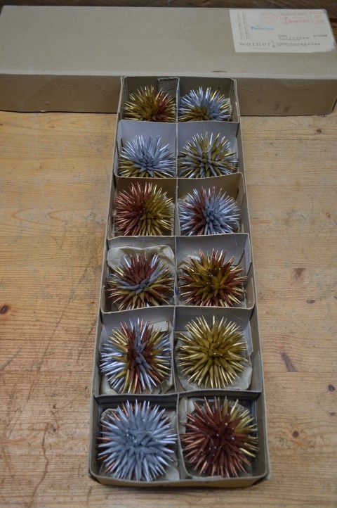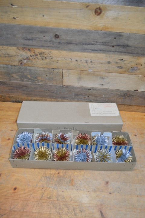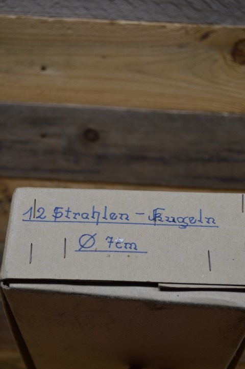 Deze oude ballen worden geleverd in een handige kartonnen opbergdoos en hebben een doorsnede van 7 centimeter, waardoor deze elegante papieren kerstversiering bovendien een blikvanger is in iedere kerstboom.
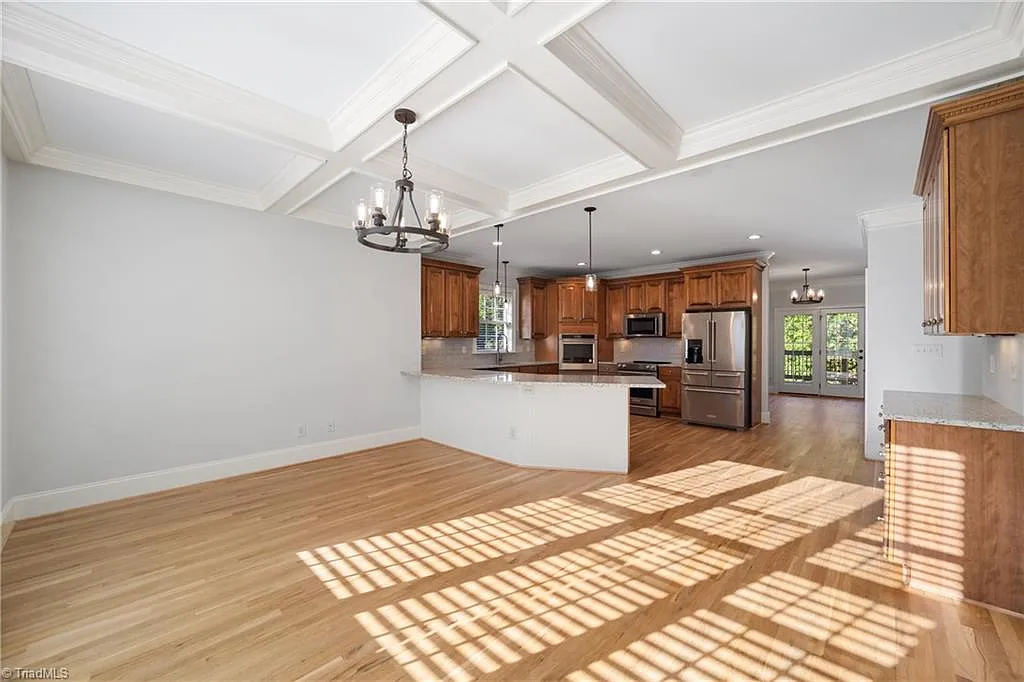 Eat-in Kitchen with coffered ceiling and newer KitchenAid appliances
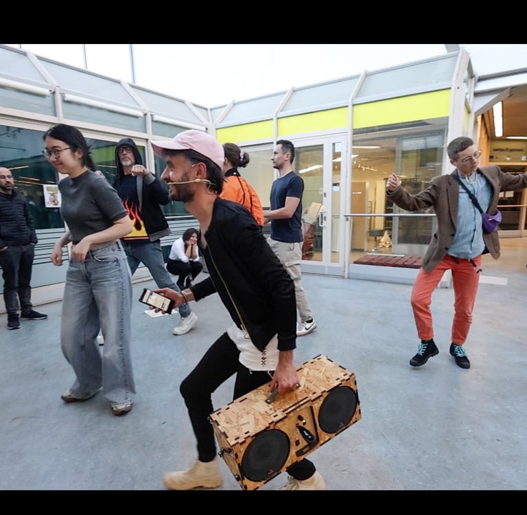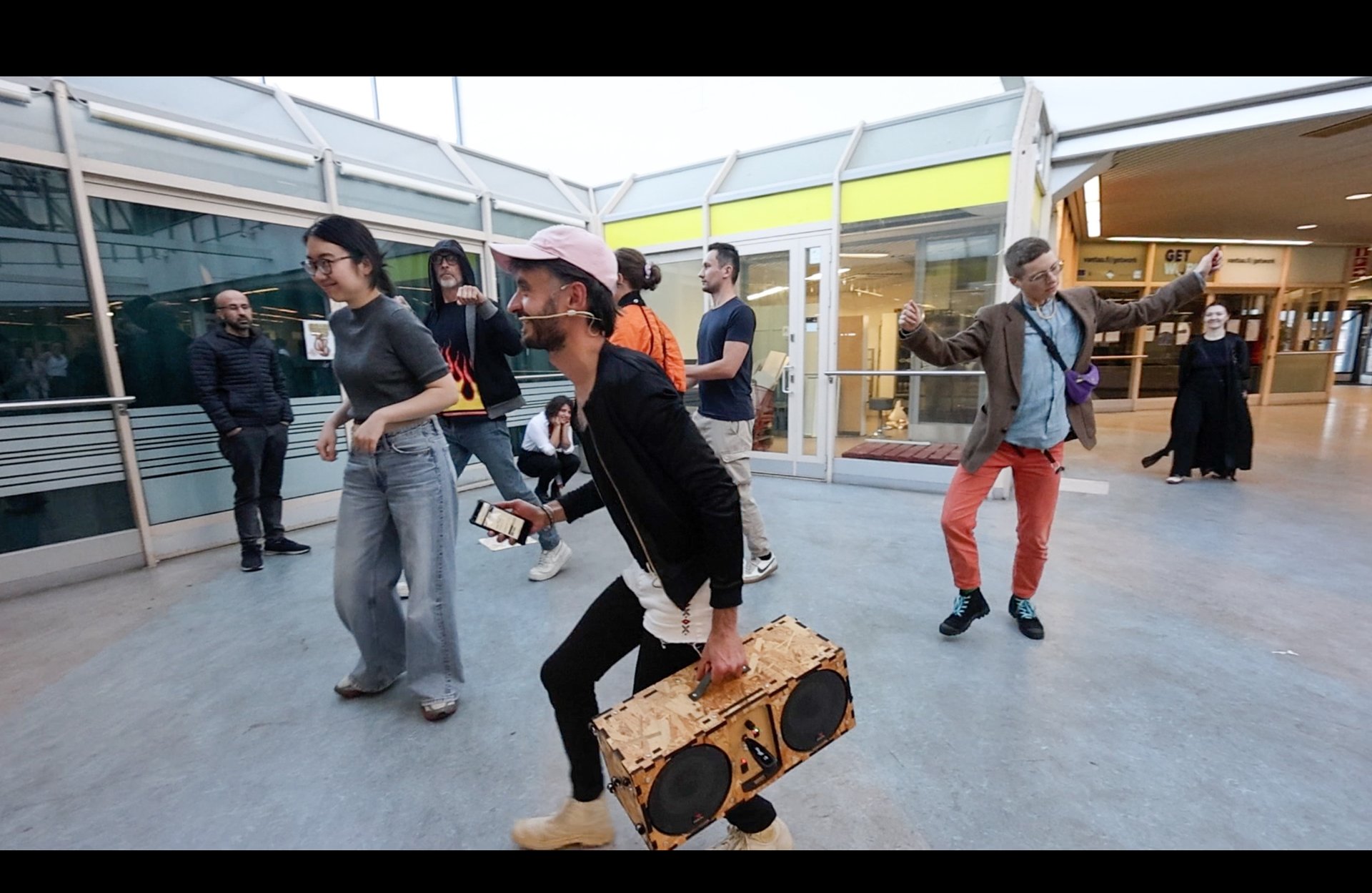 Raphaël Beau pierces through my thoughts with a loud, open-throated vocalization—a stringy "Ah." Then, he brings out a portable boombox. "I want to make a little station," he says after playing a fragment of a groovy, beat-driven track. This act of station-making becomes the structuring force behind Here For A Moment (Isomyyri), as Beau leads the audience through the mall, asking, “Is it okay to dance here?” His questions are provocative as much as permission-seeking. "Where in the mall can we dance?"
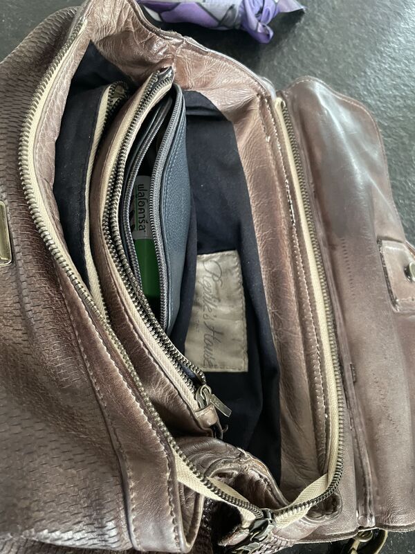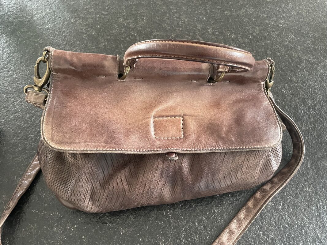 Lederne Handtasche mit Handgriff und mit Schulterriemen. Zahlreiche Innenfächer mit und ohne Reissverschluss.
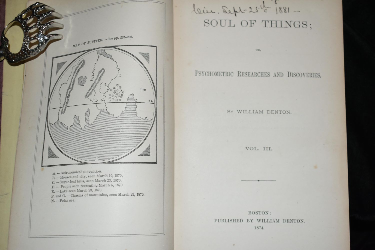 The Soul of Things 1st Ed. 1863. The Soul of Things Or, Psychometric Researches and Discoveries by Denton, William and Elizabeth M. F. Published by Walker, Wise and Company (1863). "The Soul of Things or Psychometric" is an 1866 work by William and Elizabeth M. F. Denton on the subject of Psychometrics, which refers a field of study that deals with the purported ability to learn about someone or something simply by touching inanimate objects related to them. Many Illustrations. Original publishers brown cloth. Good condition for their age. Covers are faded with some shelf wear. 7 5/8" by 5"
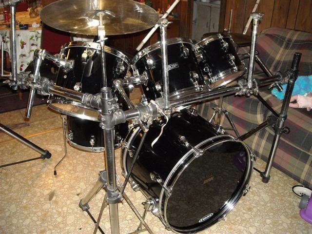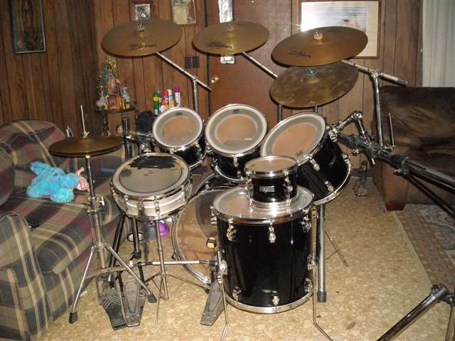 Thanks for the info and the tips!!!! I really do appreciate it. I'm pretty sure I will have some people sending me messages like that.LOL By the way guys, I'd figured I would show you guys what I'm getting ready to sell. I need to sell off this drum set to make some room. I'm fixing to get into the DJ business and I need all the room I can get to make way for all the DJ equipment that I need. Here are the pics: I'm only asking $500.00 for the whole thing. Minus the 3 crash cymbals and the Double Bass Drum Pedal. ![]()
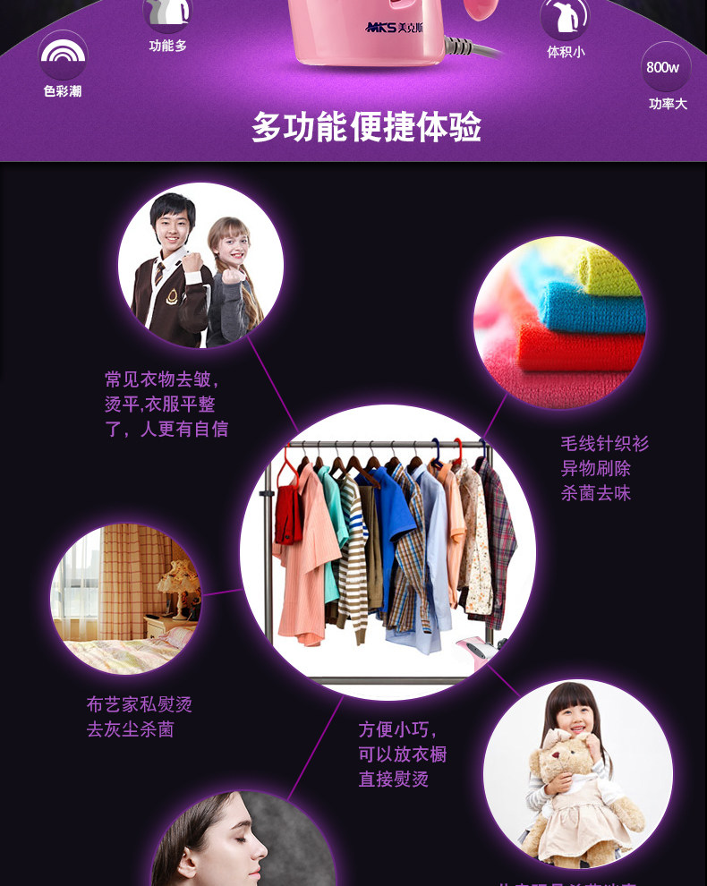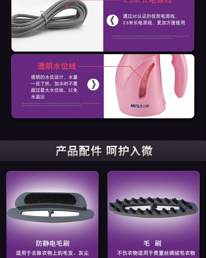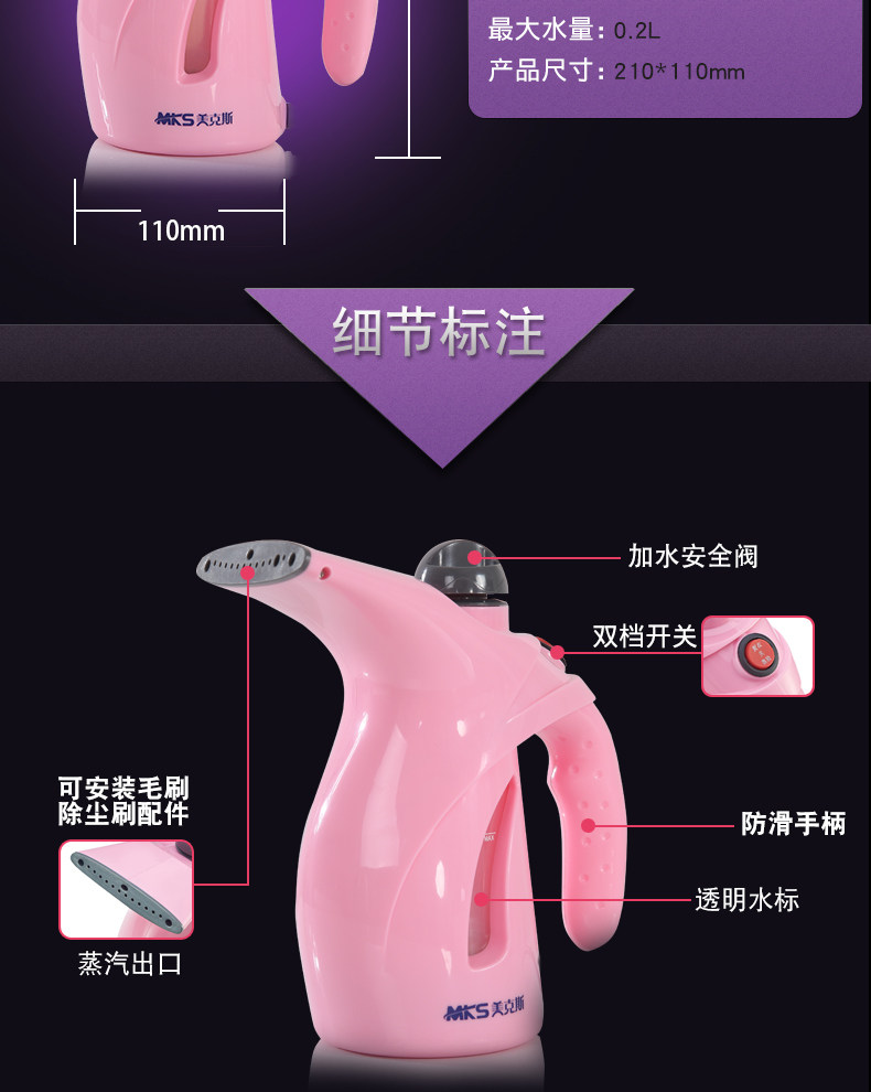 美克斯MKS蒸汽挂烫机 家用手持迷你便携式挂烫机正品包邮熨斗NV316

- _Problem_
Restate word for word the lines from the one with "Thanks for the" to the end of the material, both included. Do not include the pictures.

- _Exercise output_
 Thanks for the info and the tips!!!! I really do appreciate it. I'm pretty sure I will have some people sending me messages like that.LOL By the way guys, I'd figured I would show you guys what I'm getting ready to sell. I need to sell off this drum set to make some room. I'm fixing to get into the DJ business and I need all the room I can get to make way for all the DJ equipment that I need. Here are the pics: I'm only asking $500.00 for the whole thing. Minus the 3 crash cymbals and the Double Bass Drum Pedal. ![]()
 美克斯MKS蒸汽挂烫机 家用手持迷你便携式挂烫机正品包邮熨斗NV316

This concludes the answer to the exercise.